Strauss's musical preferences were strongly classical; he loved the music of Mozart above all other, and also particularly admired Haydn, Beethoven, Schubert and Weber. He was not in sympathy with the new music of Wagner which his sovereign and employer, Ludwig II of Bavaria, assiduously promoted with productions at the Court Opera. Strauss's antipathy to modern music influenced the early development of his son, Richard, who began as a composer in a traditional vein, not finding himself drawn to modernism until he had left paternal influence behind him during his time at the Ludwig-Maximilians-Universität München.

Despite his personal distaste for Wagner, both as a man and a musician, Strauss's strict professionalism drove him to devote all his technical mastery to the important horn solos in Wagner's operas. He led the horn section in the premieres of Tristan und Isolde, Das Rheingold, and Die Walküre. Wagner said, "Strauss is a detestable fellow but when he blows his horn one cannot sulk with him."

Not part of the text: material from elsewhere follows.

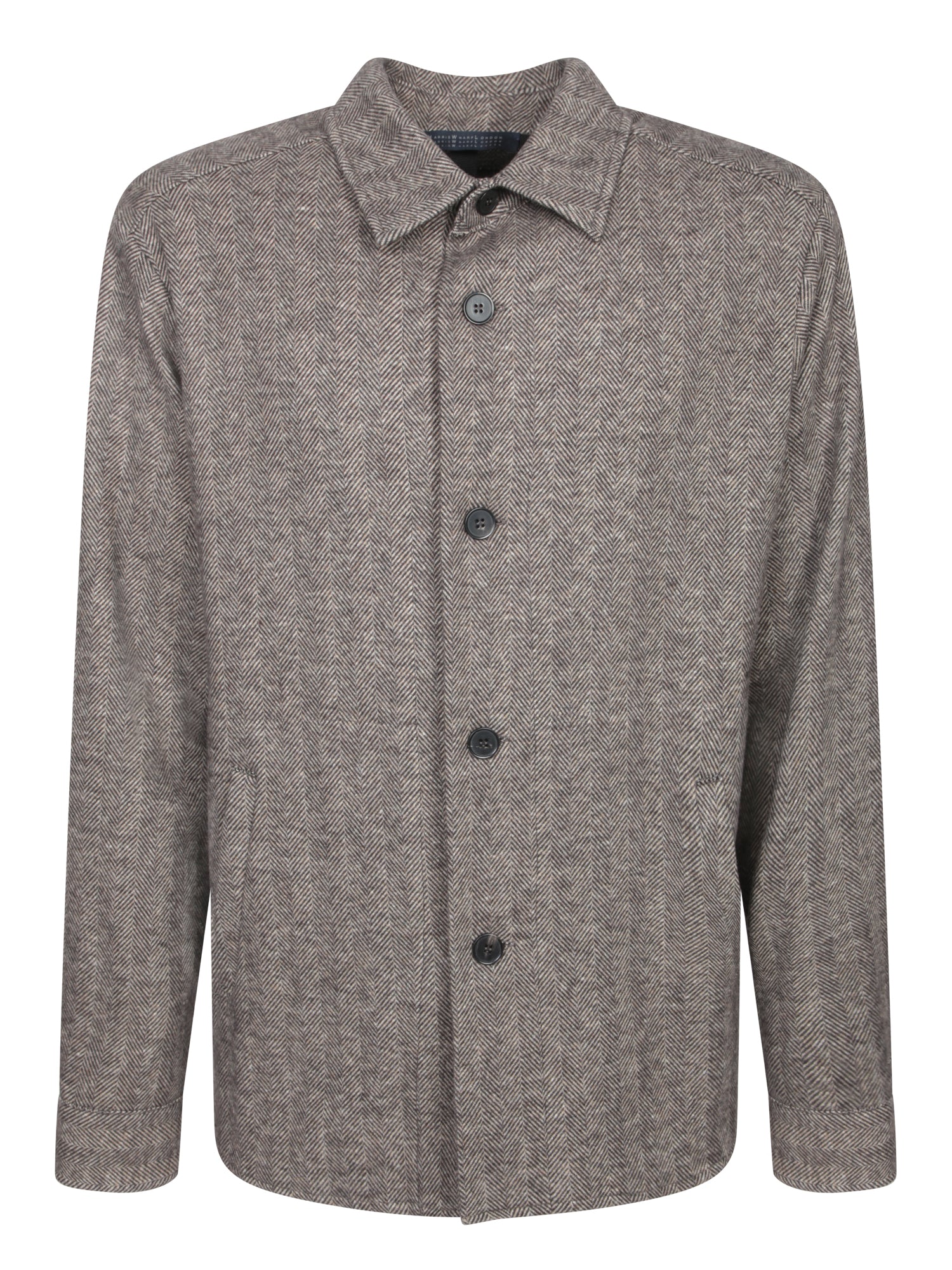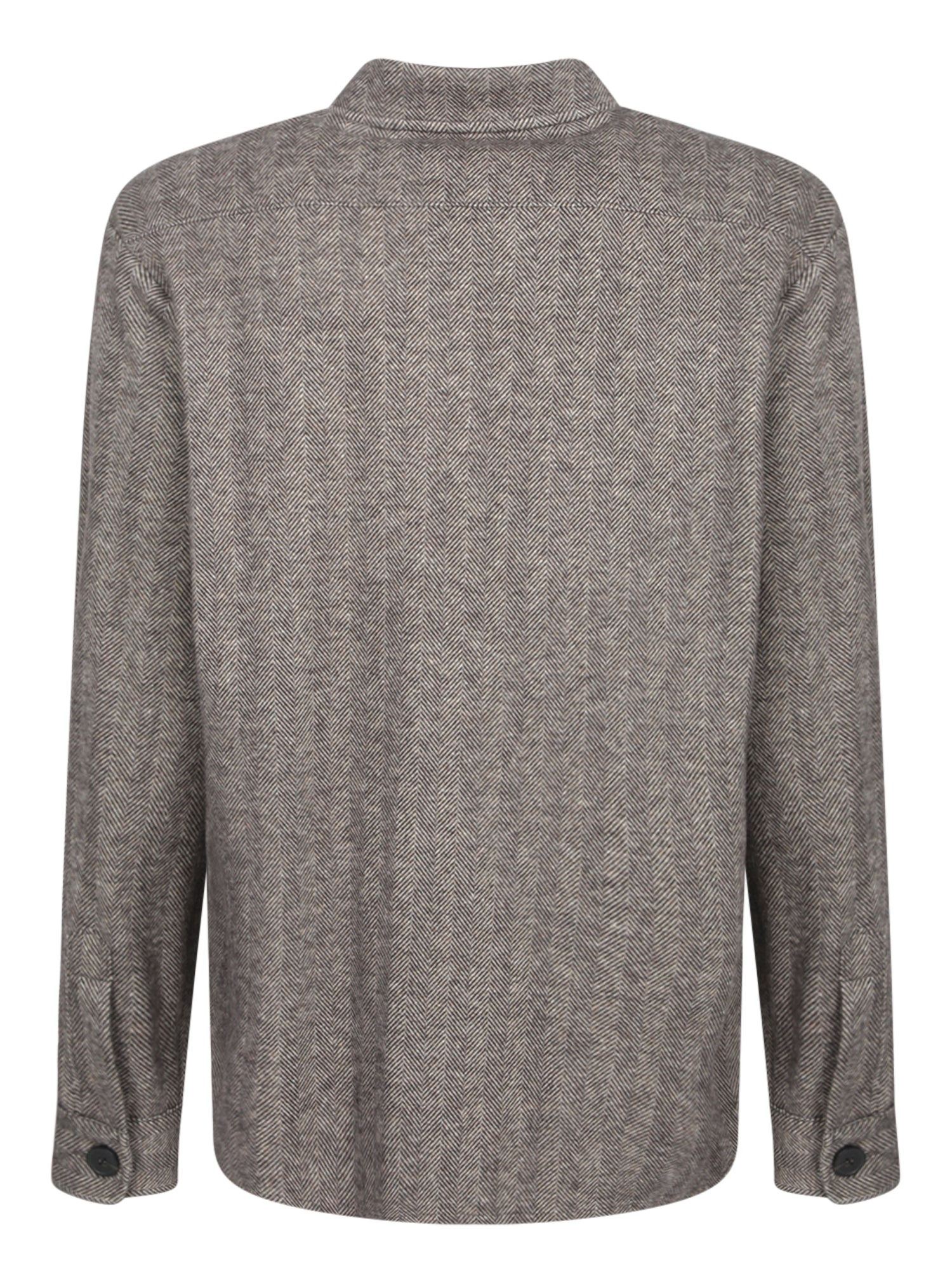 Wool shirt with herringbone pattern. Classic collar and button front closure.

In 1882, at the conductor Hermann Levi's invitation, Strauss played in the premiere of Parsifal at Bayreuth. After a bad attack of influenza, Strauss was unable to play the horn for 18 months, but continued to play in the Court Opera orchestra as a violist, in which capacity he took part in the first performance in Munich of Wagner's Tannhäuser.

In 1875, Strauss was elected conductor of the amateur orchestra, the "Wilde Gung'l", a post he held for 21 years. Among the players was his son, who learned the practicalities of orchestration there, and wrote some of his first compositions for the orchestra.

Strauss retired from the opera orchestra in 1889, though he continued his conducting and taught for some years thereafter. He died in Munich at the age of 83.